▶ **Stored data**:
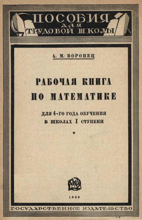 Воронец А. М. Рабочая книга по математике для 4-го года обучения в школах I ступени. — 1926
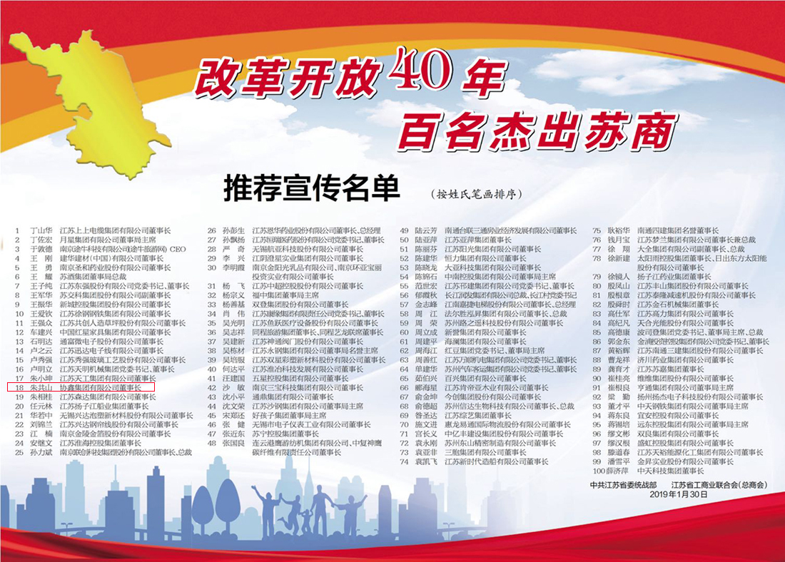 為慶祝改革開(kāi)放 40 周年,中共江蘇省委統(tǒng)戰(zhàn)部、江蘇省工商業(yè)聯(lián)合會(huì)(總商會(huì))決定推薦宣傳協(xié)鑫(集團(tuán))控股有限公司董事長(zhǎng)朱共山等100名為江蘇改革開(kāi)放作出突出貢獻(xiàn)的民營(yíng)企業(yè)家。1月31日,在充分醞釀、反復(fù)比選、集體研究基礎(chǔ)上,推選產(chǎn)生了“改革開(kāi)放 40 年百名杰出蘇商”。、
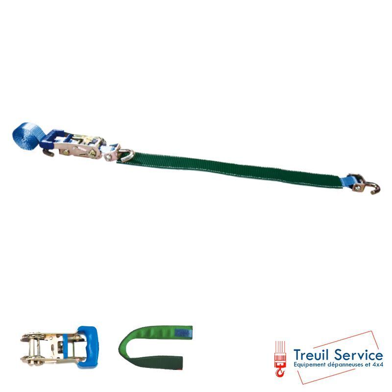 Sangle de retenue de roue avec 3 crochets pivotants et support en plastique, 50 mm, 2,5M, 5 tonnes
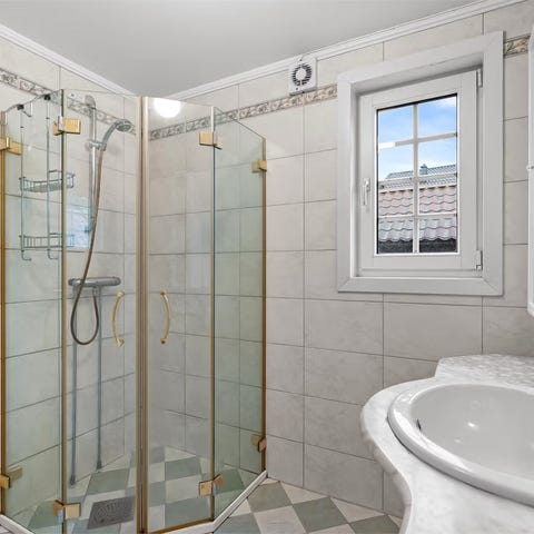 Tori dusjhjørne i glass med sort ramme. Passer til baderom, gir en moderne og funksjonell løsning for dusjområdet.
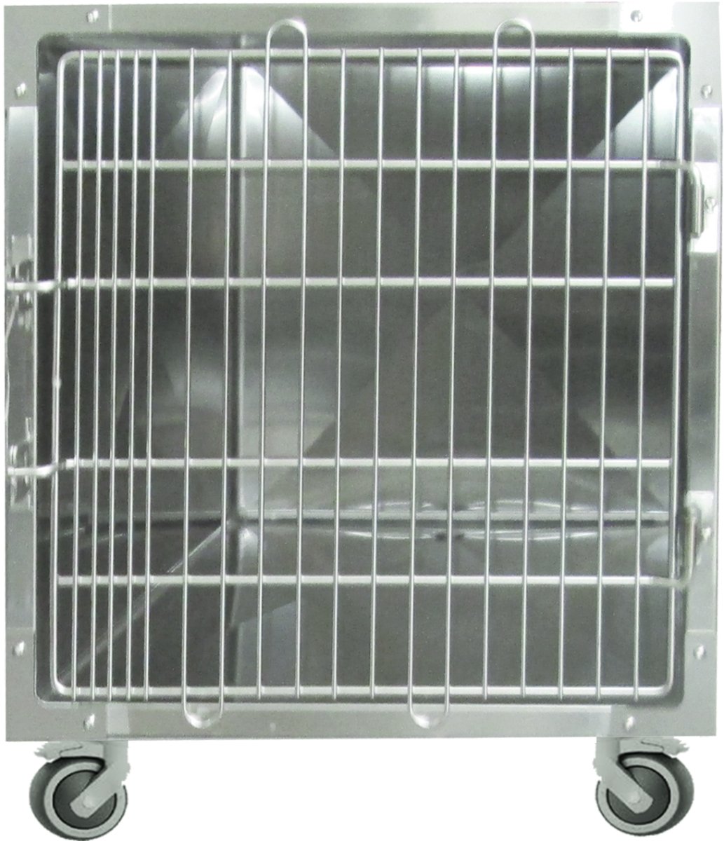 Gabbia ricovero a 1 posto: dimensioni esterne cad. posto L60,5xP72xH60,5 cm. Realizzata in acciaio inox Aisi 304. Ruote conduttive per staticità elettromagnetica, di cui 2 frenanti. Dimensioni esterne: L60,5xP72xH77 cm

▶ **Activity**: Could you transcribe every entry exactly, leaving out the pictures?

▶ **Worked solution**:
 Воронец А. М. Рабочая книга по математике для 4-го года обучения в школах I ступени. — 1926
 為慶祝改革開(kāi)放 40 周年,中共江蘇省委統(tǒng)戰(zhàn)部、江蘇省工商業(yè)聯(lián)合會(huì)(總商會(huì))決定推薦宣傳協(xié)鑫(集團(tuán))控股有限公司董事長(zhǎng)朱共山等100名為江蘇改革開(kāi)放作出突出貢獻(xiàn)的民營(yíng)企業(yè)家。1月31日,在充分醞釀、反復(fù)比選、集體研究基礎(chǔ)上,推選產(chǎn)生了“改革開(kāi)放 40 年百名杰出蘇商”。、
 Sangle de retenue de roue avec 3 crochets pivotants et support en plastique, 50 mm, 2,5M, 5 tonnes
 Tori dusjhjørne i glass med sort ramme. Passer til baderom, gir en moderne og funksjonell løsning for dusjområdet.
 Gabbia ricovero a 1 posto: dimensioni esterne cad. posto L60,5xP72xH60,5 cm. Realizzata in acciaio inox Aisi 304. Ruote conduttive per staticità elettromagnetica, di cui 2 frenanti. Dimensioni esterne: L60,5xP72xH77 cm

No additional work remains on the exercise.